William Kennedy (now 91) is the great Albany author. Others (like Melville) have had Albany connections, but in Kennedy’s oeuvre, Albany itself holds center stage; it’s called his “Albany cycle.”
In 2018 Paul Grondahl and Suzanne Lance of the New York State Writers Institute published Bootlegger of the Soul: The Literary Legacy of William Kennedy, which includes several critical essays.
I’ve read it, and many of the novels, but have nothing profound to add. I just want to comment on a recurring theme applying the “magical realism” label.
In great part that’s because ghosts appear in Kennedy’s books; notably a veritable convocation of them in Ironweed’s opening. In Legs, the title character has much to say after being shot dead. Maybe this is pedantic, but I don’t consider this “magical” because I don’t think the reader is expected to suspend disbelief and imagine those ghosts are real and speaking. A world in which they did would be an alternate reality (as in Garcia Marquez’s magical realism), but Kennedy is writing about our actual world.
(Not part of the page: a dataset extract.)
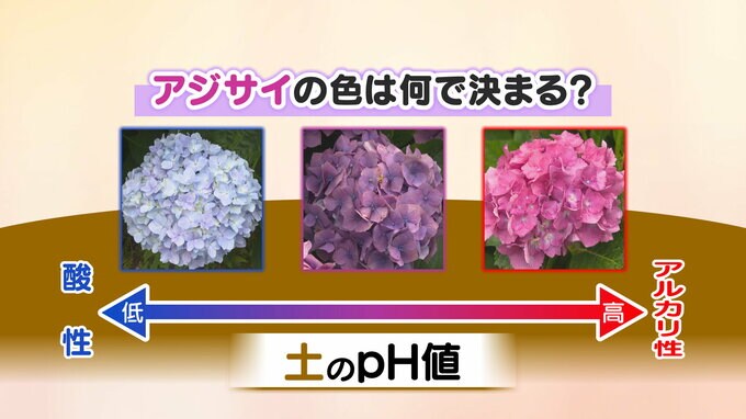 梅雨の風物詩の一つ、アジサイ。みなさんは、アジサイの色はどう決まるかご存じですか?元々色が決まっている品種も一部ありますが、多くは「ある条件」によって色が決まるんです。

And it’s peopled by many ghosts, in the sense that the dead are still with us, haunting us not as cartoon spooks but as personages whose relationships with us we continue to process after they’re dead. That’s certainly what’s happening in a novel like Ironweed. To me it’s a form of realism because it’s really getting into a character’s head. The ghosts are a literary device for doing that.
In fact Ironweed in particular I consider the realest realism. The protagonist is a homeless bum in 1938’s Albany, and the lives of such people are shown to us in full intimate grittiness, with no romanticizing. And in full humanity. Francis is not “just” a bum. He is a man haunted by ghosts, wrestling with them. That’s the reality shaping his life.
By the way, I always thought Ironweed a great title. While the plant of that name actually has little resonance for the book’s content, the name’s two components are redolent with connotations that do.
I myself wrote a book about Albany, in 1973, but oddly never crossed paths with Kennedy until 2011, when he had a signing for a new novel. When I handed him my copy and identified myself, he started writing . . . and wrote quite a lot. The recognition was very gratifying. Kennedy is not only a great writer but a gracious human being.
He has also been an inspiration to me, quite literally. At a 90th birthday celebration there was a film about his using his MacArthur grant money to create the Writers Institute. That was a great thing. It made me want to do something great too, with the money I’m fortunate to have. And one of the resulting grants likewise involves writers — Secular Rescue, protecting them from harm in intolerant societies.